Она пропела те же строчки и упустила последнюю букву. Бог знает, но, может, Алена упустила ее тоже. Она все равно не слышала себя. Пела и слушала, как кровь в ушах шумит. Но она пыталась! Это то, за что Алена хотела медальку. То, за что Травкин ей ее точно не даст.

Он обрывает ее пение повышенным тоном.

– Плохо. Я же говорил сто раз про последнюю букву. Куда вы ее проглатываете? Ну, куда? – разнесло его на все стороны и на все голоса. Он постарался выжечь душу каждому, вместе с разведенными руками и повисшими ладонями. Он давал знать: его руки тоже разочарованы. Взгляд натыкается на Алену и чуть-чуть притупляется, расслабляется, – Ларину это не касается, – чуть спокойнее, чуть молчания. Пауза. – Но остальные. Прошу вас, – вернулся на землю и продолжил грубо и высоко, но это было неважно.

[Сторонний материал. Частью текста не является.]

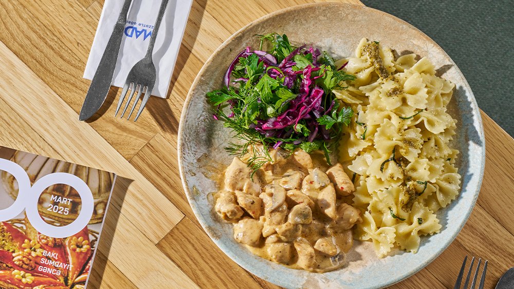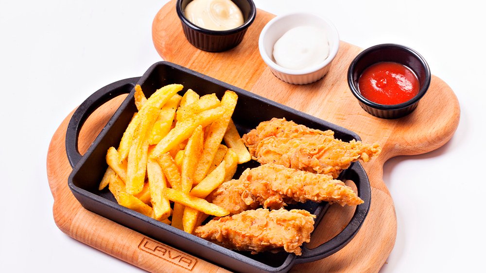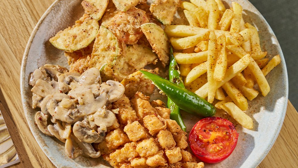 Toyuq filesi, pomidor, sivri bibər, tərəvəz sote, düyü plov, kartof fri, ballı xardal sousu, göbələk sousu, göyərti, ədviyyat.
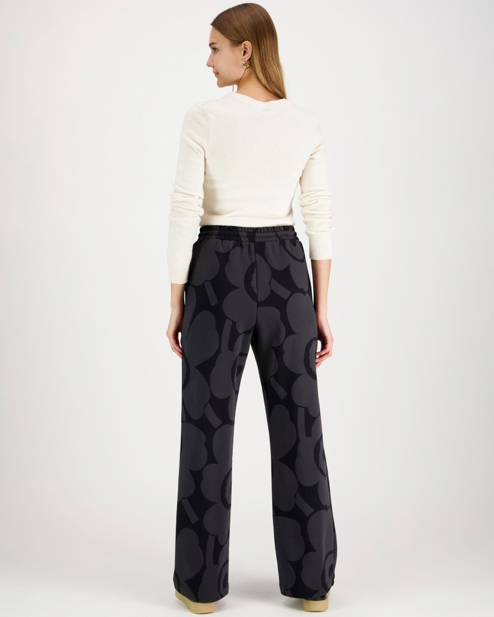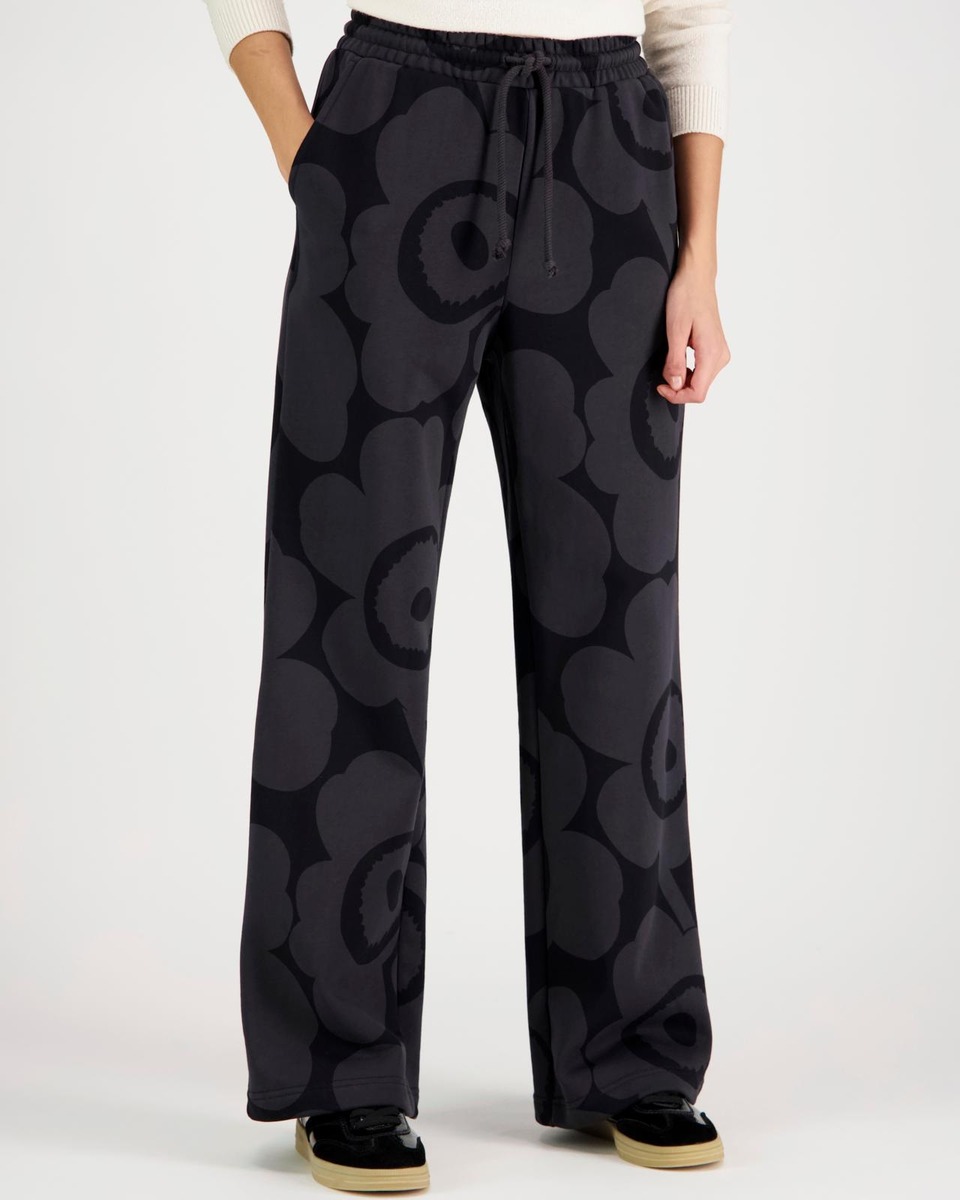 Varret-collegehousuissa on rento istuvuus ja suorat lahkeet. Housuissa on Unikko-kuosi, sivusaumataskut ja kuminauhavyötärö, jonka sisällä kulkee solmimisnauhat.Tuote on valmistettu 100-prosenttisesta luomupuuvillacollegesta.Housut on leikattu koko kankaan leveydeltä, minkä vuoksi niiden ulkoasu saattaa hieman vaihdella. Jokainen tuote on yksilö.Luovuutta ja rohkeutta symboloiva Unikko syntyi aikana, jolloin Marimekon kuviomaailmaan ei juuri kuulunut kukkia. Maija Isolaa kukka-aihe kuitenkin kiinnosti, ja hän päätti suunnitella kokonaisen sarjan uudenlaisia vahvoja kukkakuoseja.
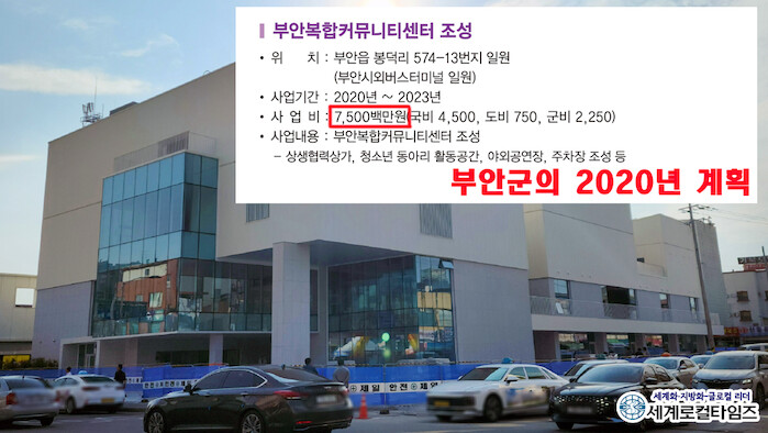 당초 부안군은 75억 원으로 이 건물을 짓겠다고 계획했다. 2020년 이야기다. 하지만 3년만에 사업비는 128억 원으로 53억 원이 늘었다. 국비와 도비는 그대로였으며 부안군민들의 부담만 늘었다.
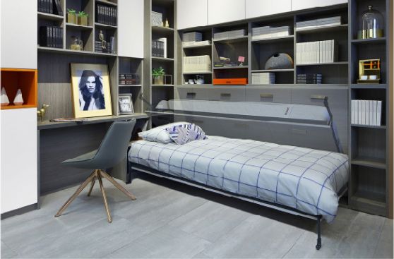 欧派衣柜定制不仅是解决每一个家庭的生活痛点,更是通过特色化的“衣柜定制”为每一个消费者营造更加个性化的精彩生活,提升家居生活品质。欧派衣柜特色侧翻床设计,巧妙地利用了墙面空间,安放于书房之中,放下是舒适的卧室空间、竖起又变成了正儿八经的书房,空间功能多样性得到巨大提升。
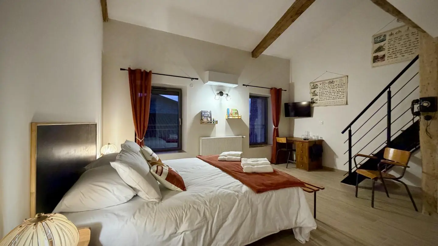 Laurence und Olivier erwarten Sie zu einer Auszeit inmitten von Natur, Weinbergen und Geschichte. Suchen Sie Ruhe und Authentizität für eine erholsame Auszeit? Dieses wunderschöne Haus wurde mit hochwertigen Materialien komplett renoviert und vereint den Charme des Alten mit seiner freigelegten Steinfassade mit modernem Komfort zu einer warmen und wohltuenden Atmosphäre. Das Haus bietet drei Schlafzimmer für zwei bis vier Personen. Jedes Zimmer ist als einzigartiger Rückzugsort gestaltet. Wünschen Sie sich ein sanftes Erwachen in einer grünen und beruhigenden Umgebung? L'Échappée Verte (Die grüne Oase) ist für zwei Personen. Sind Sie vom Charme des lokalen Terroirs und der Authentizität der Weinberge fasziniert? Terre de Vigne (Land der Rebe) entführt Sie in ein warmes Ambiente, inspiriert von der Region Bugey und ihren Weinbautraditionen. Suchen Sie einen einzigartigen Ort voller unvergesslicher Momente? Das „Classroom“ entführt Sie in eine verspielte Welt – ideal für ein zeitloses Erlebnis. Jedes Zimmer verfügt über ein eigenes Badezimmer.

Камилла перестала слушать его классический монолог и уставилась вперед. Алена тоже смотрела вперед. Они там встретятся, впереди. Они ненавидели друг друга не здесь, а за пределами стен. Хотя бы в невесомости. И Алена чувствовала, как воздух дрожит. Дыхание Крыловой создавало помехи в общественном кислороде. Где-то там, далеко, в тридевятом королевстве, Крылова забивала Ларину учебником, как гвоздь в стену.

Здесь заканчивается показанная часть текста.